A Complete Consent Form Section Checklist
Use this checklist when building or auditing your therapy consent form. Every section should be present and adapted to your specific practice context.
Therapist Information
- Full name, credentials, and licence number
- Licence type and issuing state
- NPI number
- Supervisory status (if applicable)
- Areas of specialisation
Nature of Services
- Therapeutic approach(es) used
- Session format, length, and frequency
- Collaborative nature of therapy
Risks and Benefits
- Specific benefits of therapy
- Specific risks, including modality-specific risks
- No guarantee of outcomes
- Right to discuss alternatives
Confidentiality
- Scope of confidentiality protection
- All mandatory reporting exceptions (child abuse, elder abuse, danger to self, danger to others)
- Tarasoff duty as applicable in your state
- Court order exception
- Insurance disclosure requirements
- HIPAA Notice of Privacy Practices (may be separate document)
Fees and Payment
- Fee schedule for all service types
- Payment timing and methods
- Insurance billing procedures
- Good Faith Estimate (self-pay clients)
- Fee increase notice policy
Cancellation Policy
- Required notice period
- Late cancellation and no-show fees
- Insurance disclaimer for missed session fees
Emergency Procedures
- Crisis resources (988, 911, local crisis line)
- Therapist availability outside sessions
- Message response time expectations
Client Rights
- Right to ask questions
- Right to refuse interventions
- Right to access records
- Right to terminate therapy
- Right to file a complaint (with board contact information)
Technology and Telehealth (if applicable)
- Telehealth platform and security measures
- Telehealth-specific risks
- Technology and AI tool disclosures
- Recording and transcription policies
- Client right to opt out of technology features
Couples/Family/Group Addenda (if applicable)

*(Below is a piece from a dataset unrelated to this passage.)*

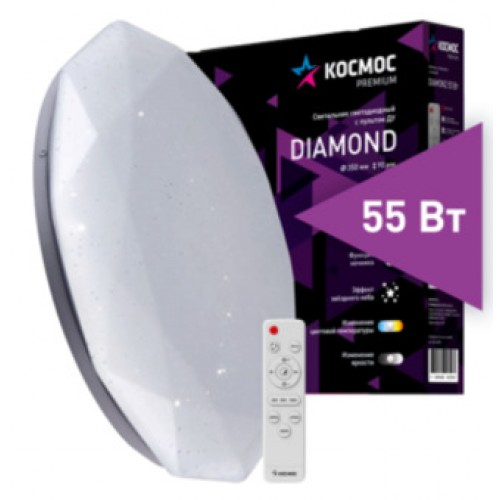Светильник светодиодный с пультом ДУ КОСМОС PREMIUM DIAMOND 55Вт 230В 3000-6500К 4400Лм 350*90мм

- Confidentiality policies specific to the modality
- No-secrets or limited-secrets policy
- Individual session policies
Signatures
- Client signature and date
- Therapist signature and date
- Parent/guardian signature (for minors)
- Witness signature (if required by state)
Final Considerations
Building an informed consent process that is both legally defensible and clinically valuable is one of the highest-leverage activities in a therapy practice. A thorough consent form protects your licence. A thoughtful consent conversation builds the alliance that makes therapy work.

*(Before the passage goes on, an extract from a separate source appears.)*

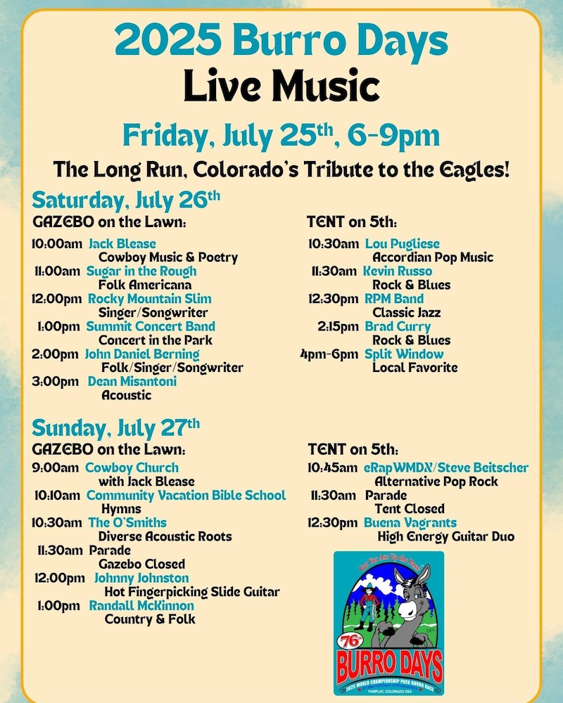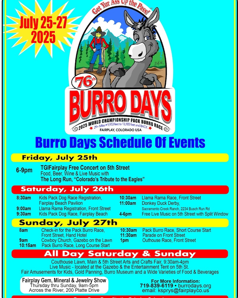 Join us for the 76th Burro Days, July 25-27, in Fairplay, CO! Kick things off with The Long Run, Eagle's Tribute Band, from 6-9pm on Friday, July 25th. Arts & Crafts booths will be on on Saturday and Sunday 9:30am-4pm and you can enjoy live music at the Gazebo and 5th Street stage throughout the weekend. Hungry? Food trucks will be open too! Before watching the llamas run, sign up your kiddo and pup for the Kid's Pack Dog Race at the Fairplay Beach. Don't forget what it's all about, the World Championship Pack Burro Race on Sunday, July 27th! The Long Course starts at 10:15am and the Short Course at 10:30am. See you there! https://burrodays.org/

Review your consent form against the standards outlined here. Check it against your state’s specific requirements. Ask a colleague or a healthcare attorney to review it. And remember that the form is not the consent – the ongoing, collaborative, transparent relationship with your client is.
The therapists who face the fewest board complaints and malpractice claims are not the ones with the longest consent forms. They are the ones who treat informed consent as a living part of the therapeutic relationship – revisiting it when circumstances change, welcoming questions, and using the consent conversation as an opportunity to demonstrate the respect and transparency that define ethical clinical practice.